BEGIN MATERIAL PROVIDED

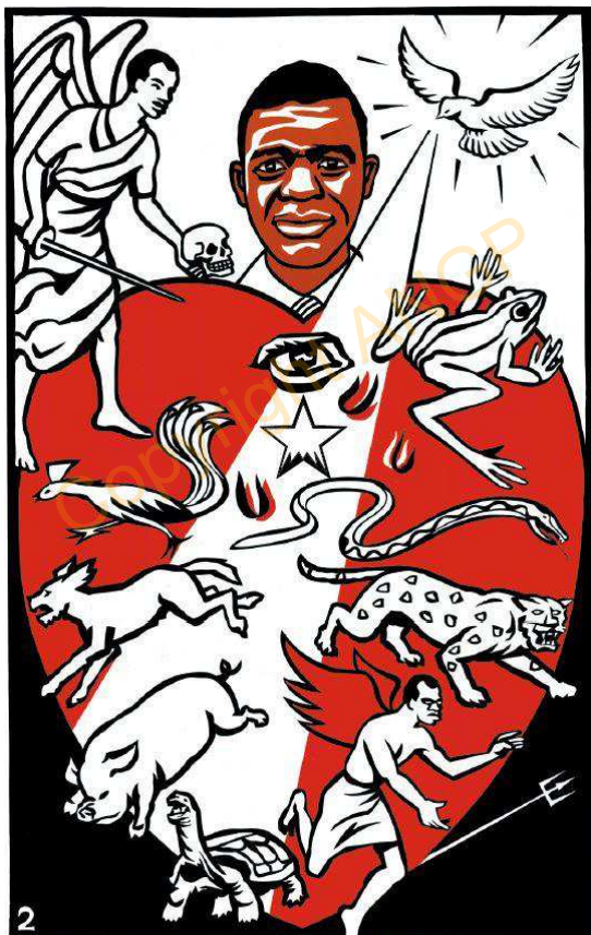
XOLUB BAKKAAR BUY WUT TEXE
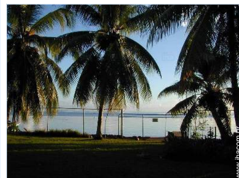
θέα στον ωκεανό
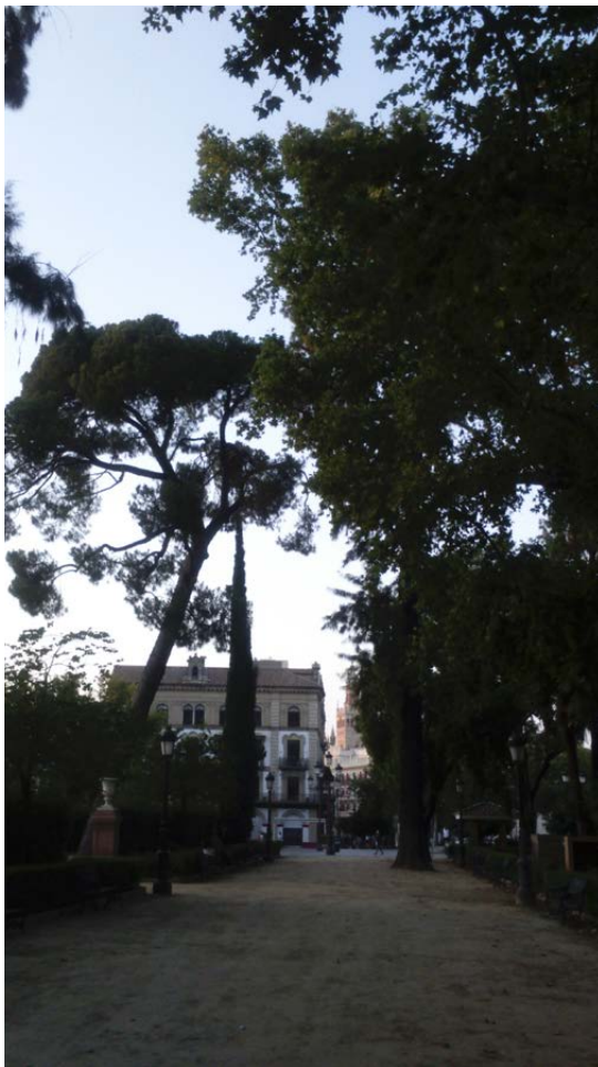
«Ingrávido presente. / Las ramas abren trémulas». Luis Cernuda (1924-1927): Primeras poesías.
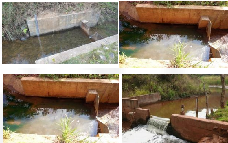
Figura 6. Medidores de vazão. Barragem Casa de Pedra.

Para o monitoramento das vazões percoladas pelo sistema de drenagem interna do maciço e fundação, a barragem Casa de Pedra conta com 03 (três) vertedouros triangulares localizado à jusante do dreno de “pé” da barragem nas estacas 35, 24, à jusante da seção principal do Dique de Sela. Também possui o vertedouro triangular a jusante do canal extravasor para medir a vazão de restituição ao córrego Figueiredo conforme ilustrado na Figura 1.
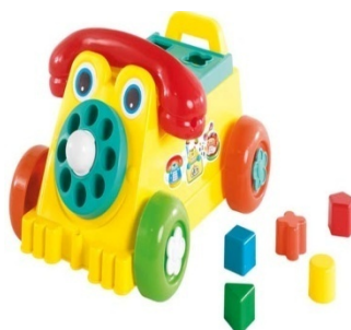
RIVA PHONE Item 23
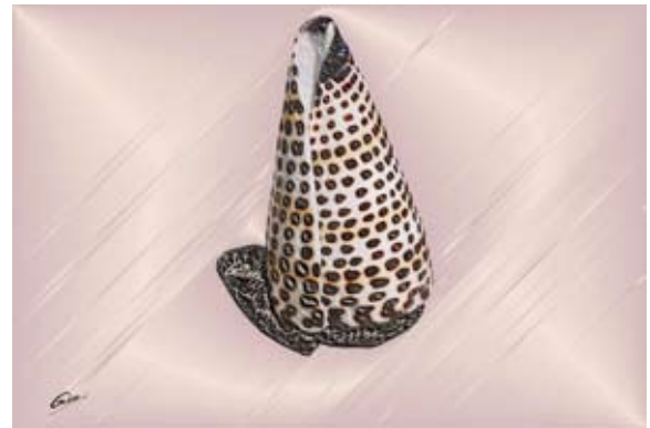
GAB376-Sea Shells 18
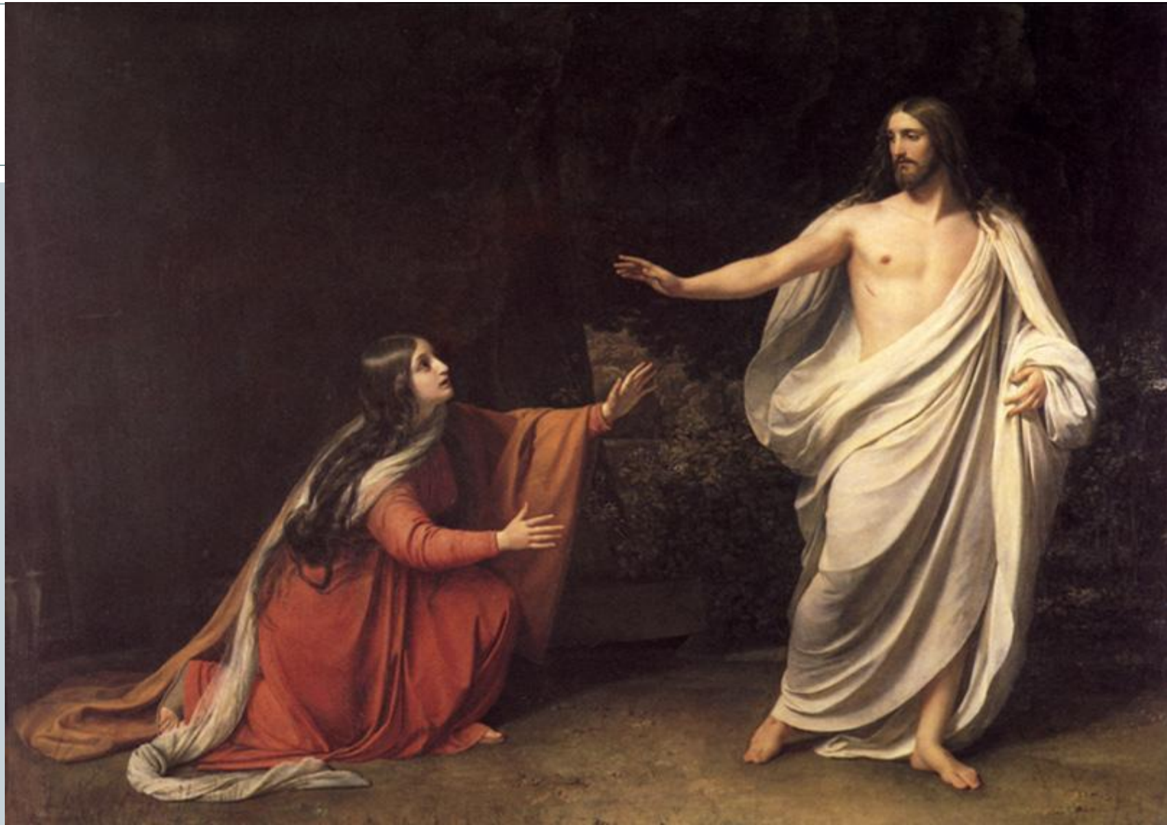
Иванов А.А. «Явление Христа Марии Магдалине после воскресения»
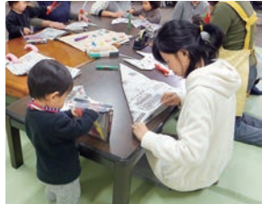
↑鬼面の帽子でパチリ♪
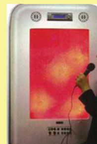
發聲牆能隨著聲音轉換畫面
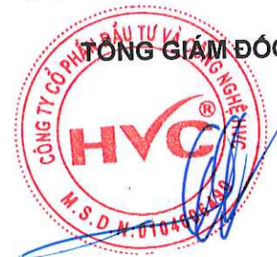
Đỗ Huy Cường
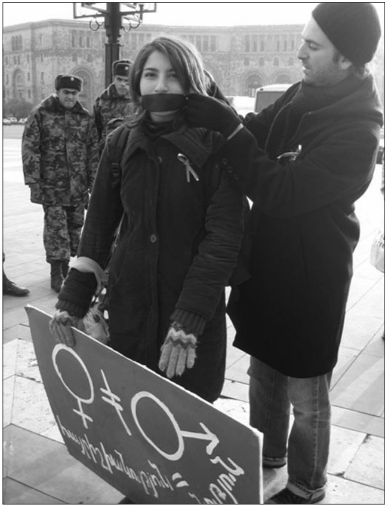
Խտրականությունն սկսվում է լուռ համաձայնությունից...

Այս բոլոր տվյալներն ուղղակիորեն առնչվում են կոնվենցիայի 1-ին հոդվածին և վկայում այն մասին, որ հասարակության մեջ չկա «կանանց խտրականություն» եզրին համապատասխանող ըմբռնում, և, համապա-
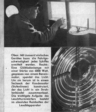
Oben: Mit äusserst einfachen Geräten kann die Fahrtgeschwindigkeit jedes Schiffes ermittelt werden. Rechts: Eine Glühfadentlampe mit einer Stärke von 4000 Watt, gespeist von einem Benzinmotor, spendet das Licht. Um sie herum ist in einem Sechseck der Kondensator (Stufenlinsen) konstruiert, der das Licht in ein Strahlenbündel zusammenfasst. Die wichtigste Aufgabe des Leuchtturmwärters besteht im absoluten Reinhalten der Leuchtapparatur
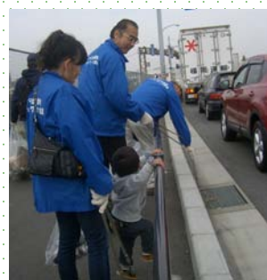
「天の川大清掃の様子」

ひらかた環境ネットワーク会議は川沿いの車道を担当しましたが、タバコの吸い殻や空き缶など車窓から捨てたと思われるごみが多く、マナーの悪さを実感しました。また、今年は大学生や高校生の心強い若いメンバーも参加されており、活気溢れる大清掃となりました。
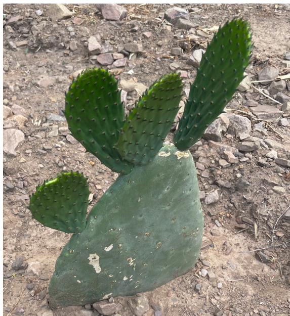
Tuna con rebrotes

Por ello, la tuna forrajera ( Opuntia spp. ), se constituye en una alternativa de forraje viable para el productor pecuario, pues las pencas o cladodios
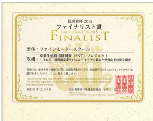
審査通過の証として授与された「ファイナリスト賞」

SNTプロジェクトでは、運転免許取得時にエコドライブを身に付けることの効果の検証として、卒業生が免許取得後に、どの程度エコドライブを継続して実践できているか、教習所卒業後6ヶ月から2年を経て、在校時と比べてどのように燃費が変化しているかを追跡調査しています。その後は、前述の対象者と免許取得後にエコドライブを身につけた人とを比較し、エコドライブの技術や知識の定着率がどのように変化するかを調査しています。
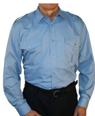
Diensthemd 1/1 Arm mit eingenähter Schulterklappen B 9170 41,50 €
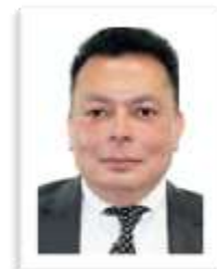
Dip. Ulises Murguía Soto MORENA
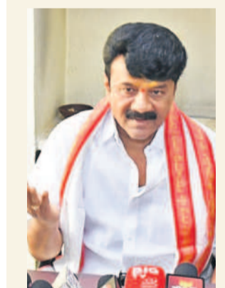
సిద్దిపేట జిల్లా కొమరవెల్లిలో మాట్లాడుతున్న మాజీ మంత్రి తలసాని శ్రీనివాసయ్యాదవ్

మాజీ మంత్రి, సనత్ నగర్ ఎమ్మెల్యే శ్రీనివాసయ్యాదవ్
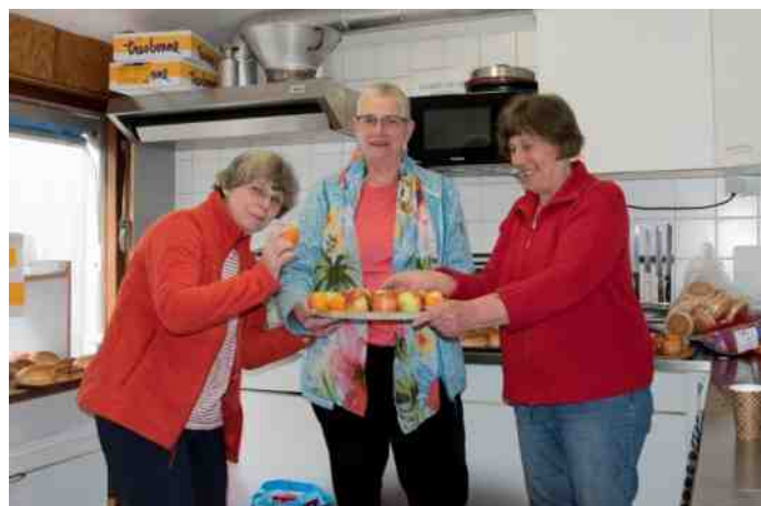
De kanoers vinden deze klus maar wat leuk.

END MATERIAL PROVIDED

_YOUR INSTRUCTIONS_. Retype only the lines above from the one with "RIVA PHONE Item 23" through the one with "Խտրականությունն սկսվում է", exactly and with both ends. Images stay out.

_TASK SOLUTION_.
RIVA PHONE Item 23
GAB376-Sea Shells 18
Иванов А.А. «Явление Христа Марии Магдалине после воскресения»
↑鬼面の帽子でパチリ♪
發聲牆能隨著聲音轉換畫面
Đỗ Huy Cường
Խտրականությունն սկսվում է լուռ համաձայնությունից...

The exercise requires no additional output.